--- START ---

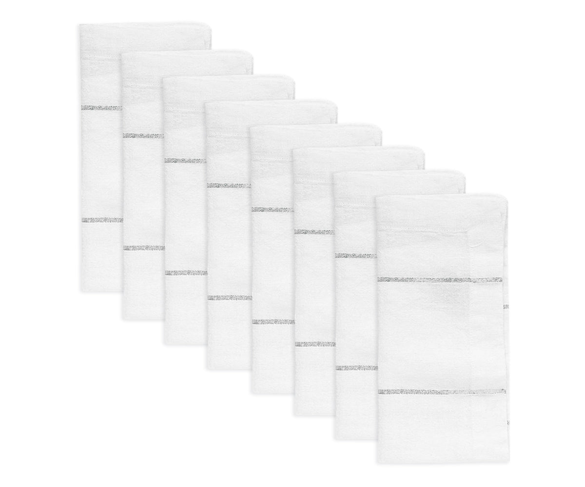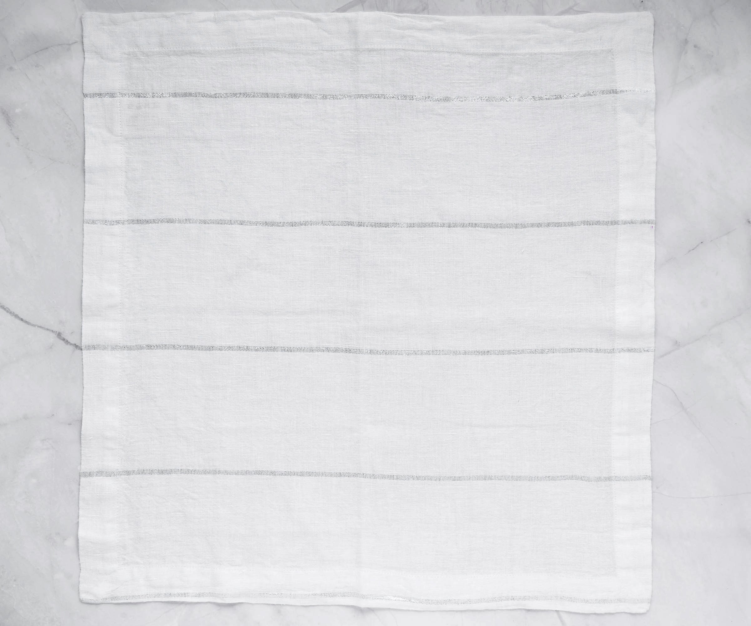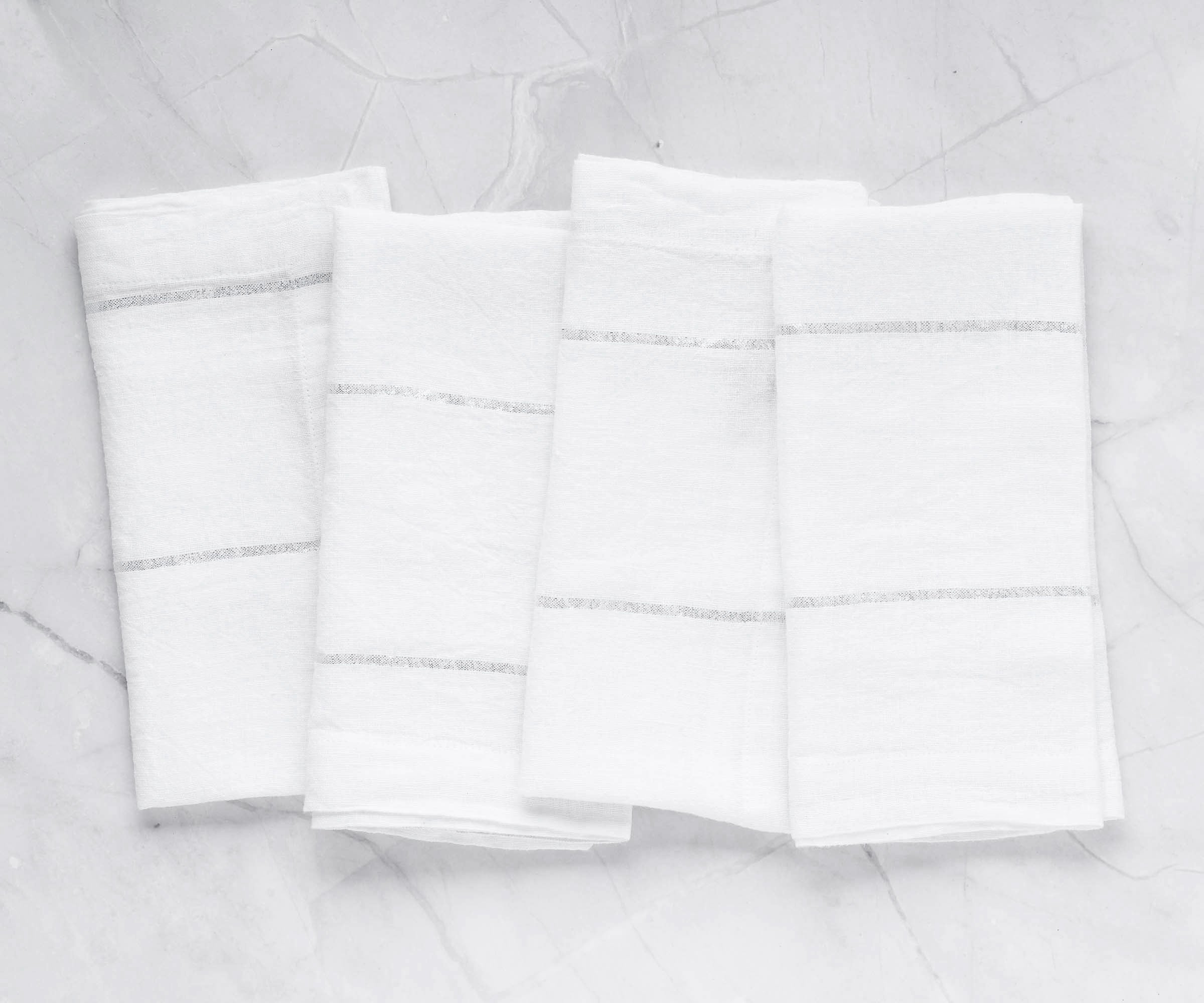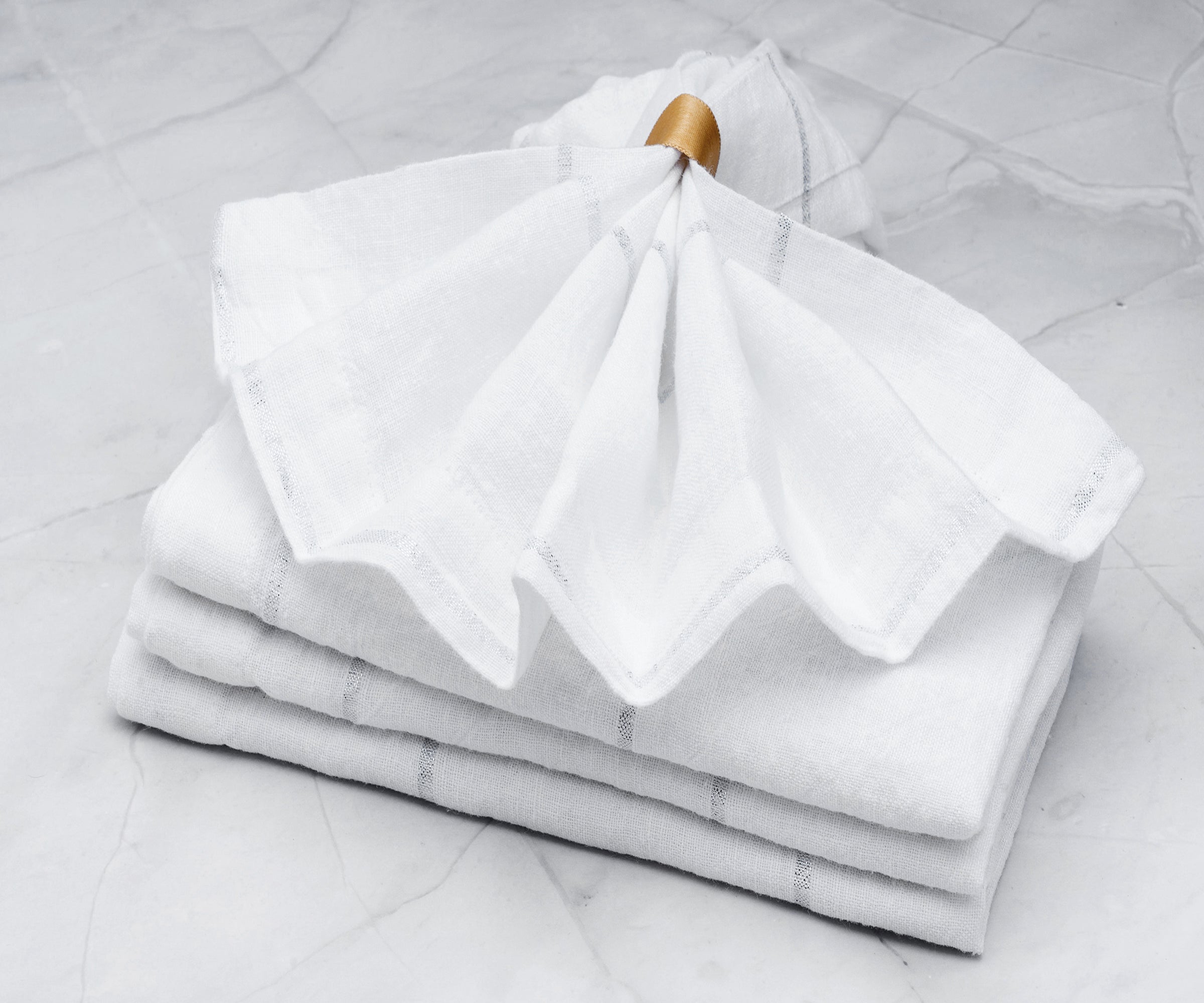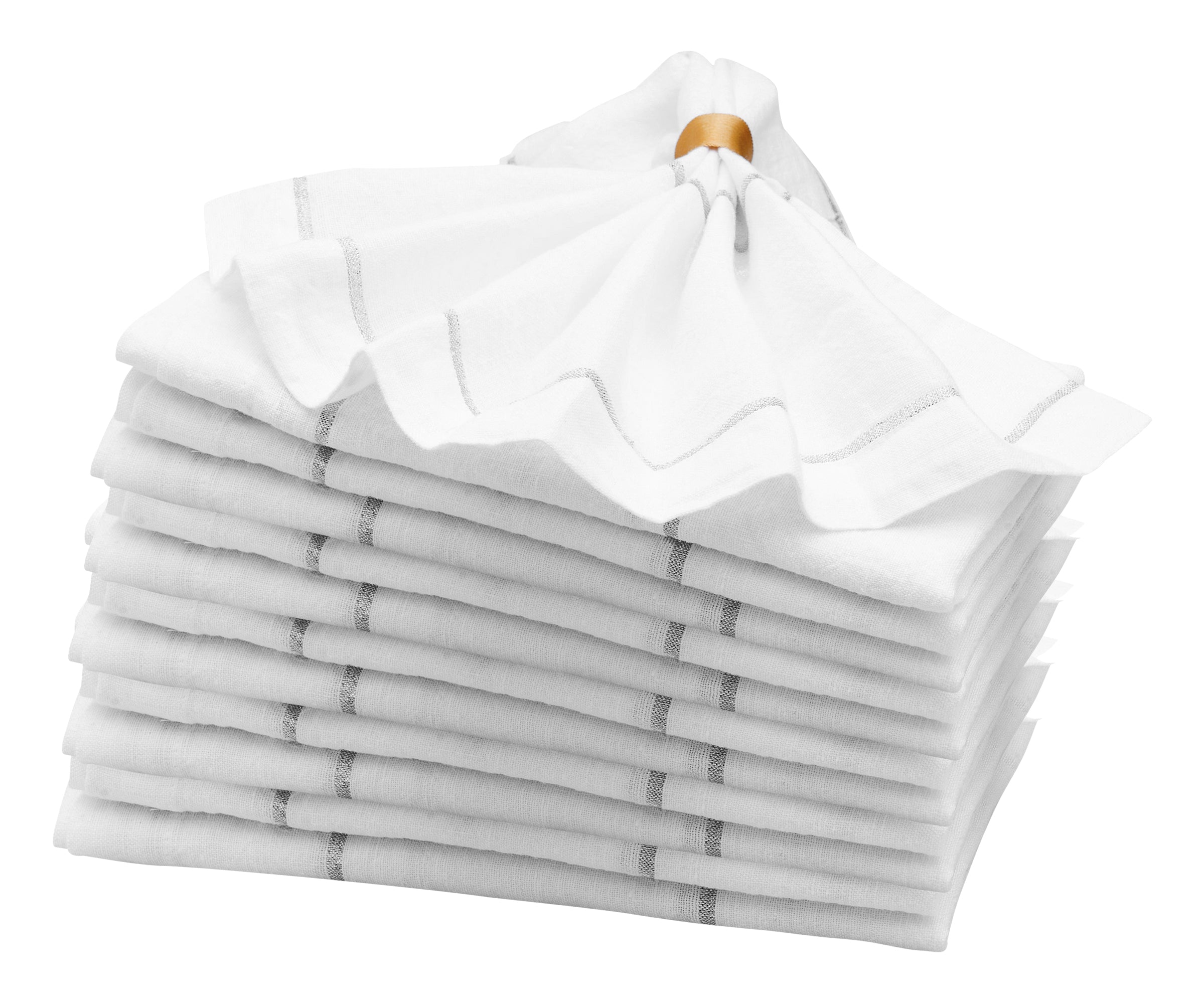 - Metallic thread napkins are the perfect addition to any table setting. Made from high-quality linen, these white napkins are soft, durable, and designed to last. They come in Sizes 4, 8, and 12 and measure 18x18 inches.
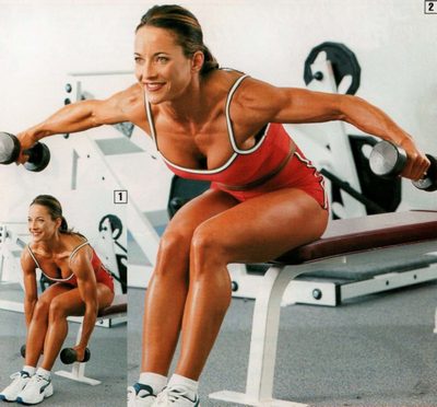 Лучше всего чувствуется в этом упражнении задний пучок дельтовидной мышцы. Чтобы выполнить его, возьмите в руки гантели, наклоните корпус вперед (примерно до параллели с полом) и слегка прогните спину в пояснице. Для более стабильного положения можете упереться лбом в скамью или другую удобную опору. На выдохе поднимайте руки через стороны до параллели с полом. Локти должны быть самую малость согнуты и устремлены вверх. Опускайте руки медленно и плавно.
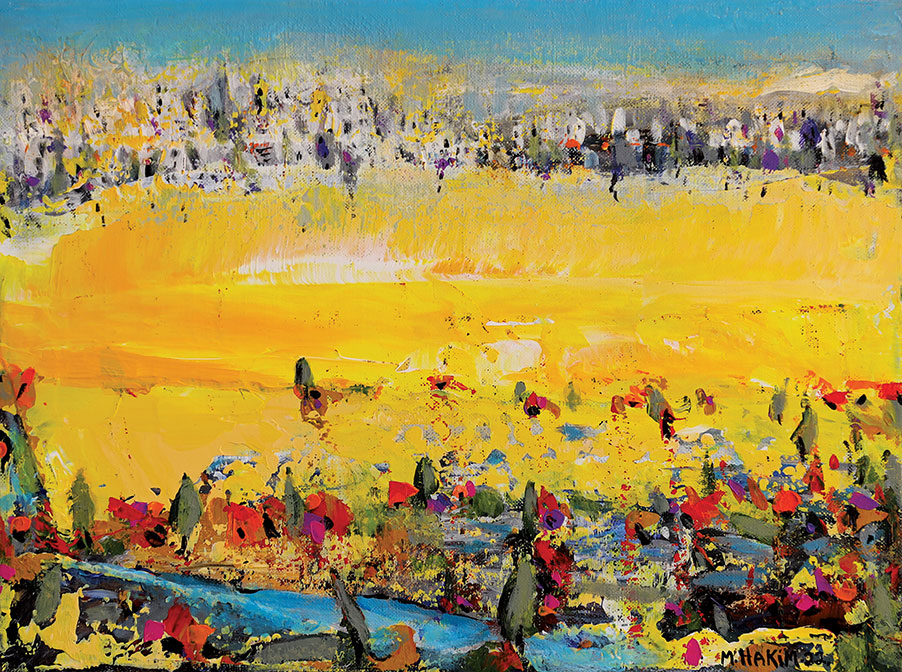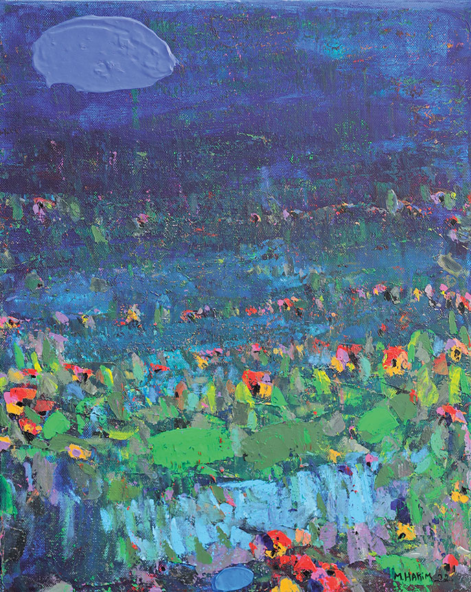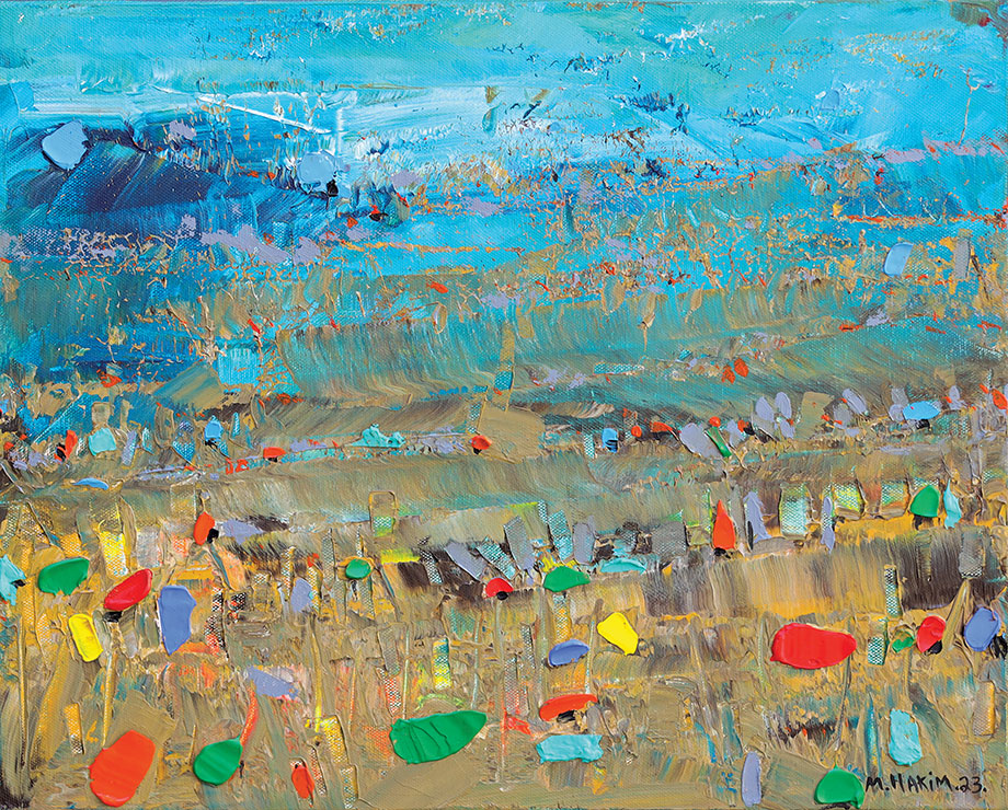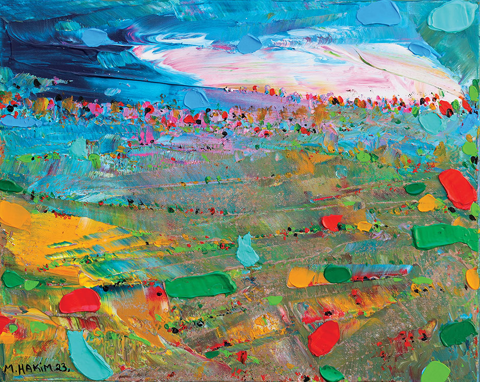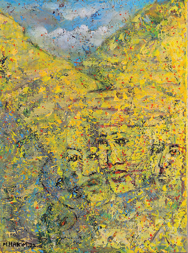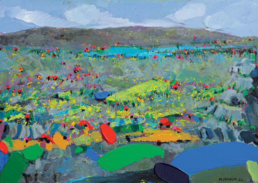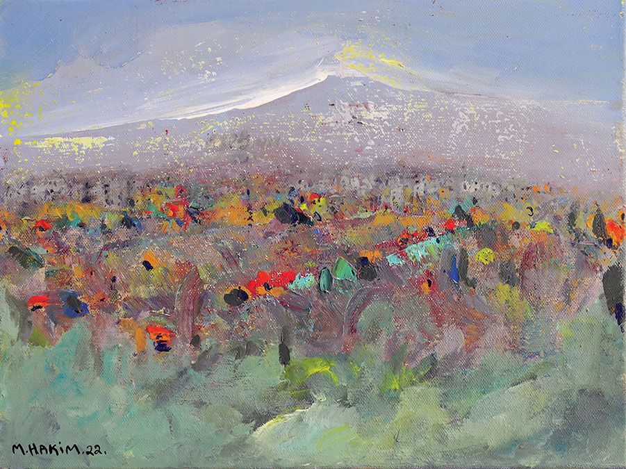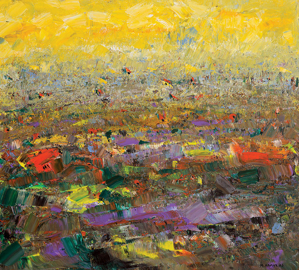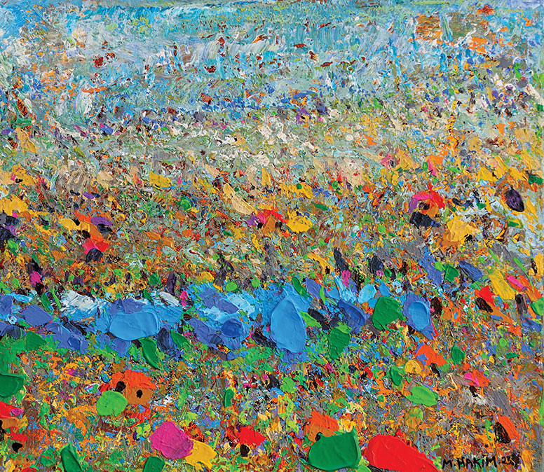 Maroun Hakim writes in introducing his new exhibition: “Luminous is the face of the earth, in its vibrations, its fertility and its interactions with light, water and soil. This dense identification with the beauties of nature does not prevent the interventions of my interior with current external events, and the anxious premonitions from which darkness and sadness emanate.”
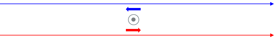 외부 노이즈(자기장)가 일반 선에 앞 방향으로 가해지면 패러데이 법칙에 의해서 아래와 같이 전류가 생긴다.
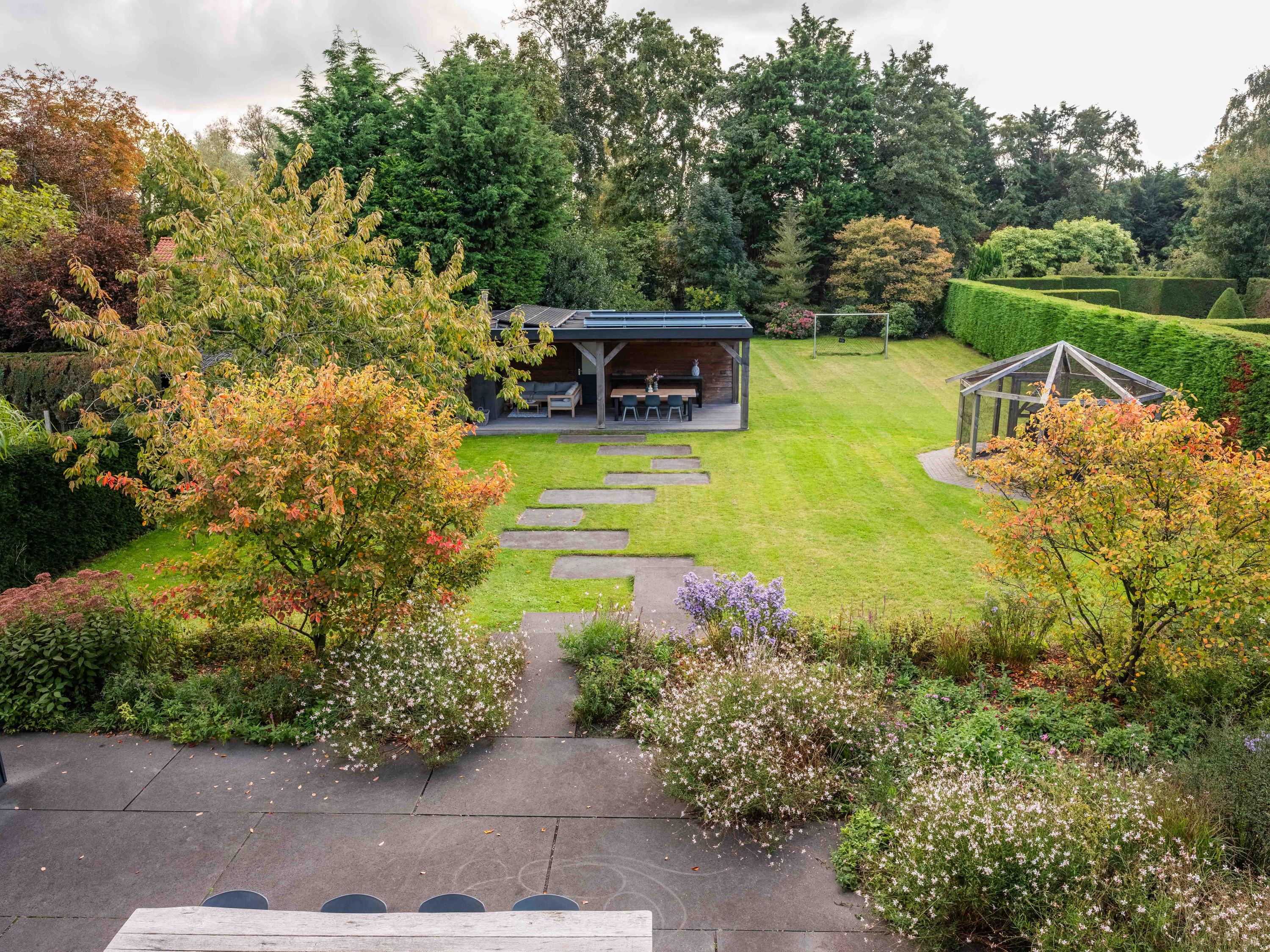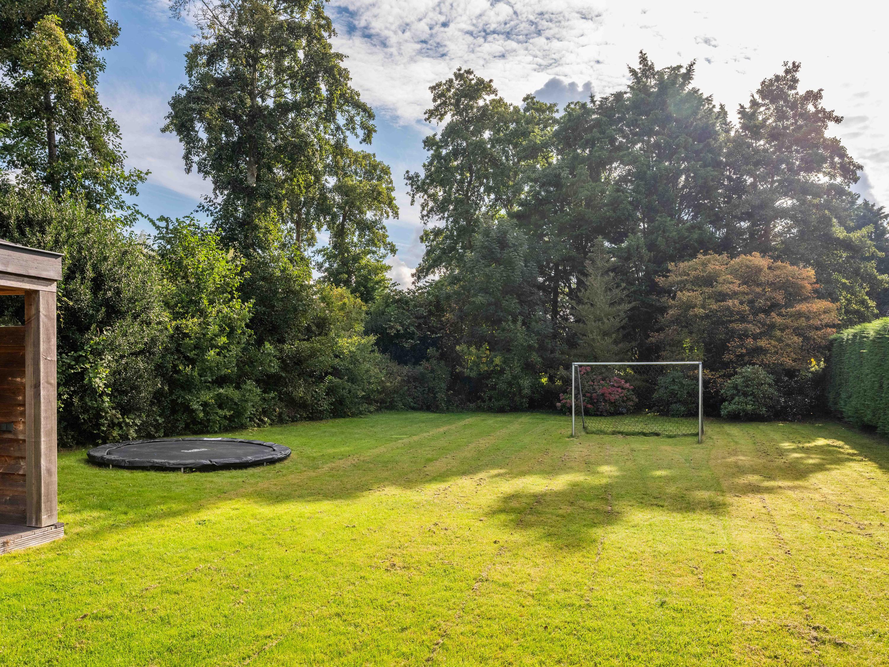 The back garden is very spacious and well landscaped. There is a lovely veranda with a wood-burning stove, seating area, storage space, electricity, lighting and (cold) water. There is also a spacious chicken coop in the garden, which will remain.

--- END ---

_EXERCISE GOAL_
Please repeat the listing above word for word, with the pictures removed.

_PROBLEM SOLUTION_
 - Metallic thread napkins are the perfect addition to any table setting. Made from high-quality linen, these white napkins are soft, durable, and designed to last. They come in Sizes 4, 8, and 12 and measure 18x18 inches.
 Лучше всего чувствуется в этом упражнении задний пучок дельтовидной мышцы. Чтобы выполнить его, возьмите в руки гантели, наклоните корпус вперед (примерно до параллели с полом) и слегка прогните спину в пояснице. Для более стабильного положения можете упереться лбом в скамью или другую удобную опору. На выдохе поднимайте руки через стороны до параллели с полом. Локти должны быть самую малость согнуты и устремлены вверх. Опускайте руки медленно и плавно.
 Maroun Hakim writes in introducing his new exhibition: “Luminous is the face of the earth, in its vibrations, its fertility and its interactions with light, water and soil. This dense identification with the beauties of nature does not prevent the interventions of my interior with current external events, and the anxious premonitions from which darkness and sadness emanate.”
 외부 노이즈(자기장)가 일반 선에 앞 방향으로 가해지면 패러데이 법칙에 의해서 아래와 같이 전류가 생긴다.
 The back garden is very spacious and well landscaped. There is a lovely veranda with a wood-burning stove, seating area, storage space, electricity, lighting and (cold) water. There is also a spacious chicken coop in the garden, which will remain.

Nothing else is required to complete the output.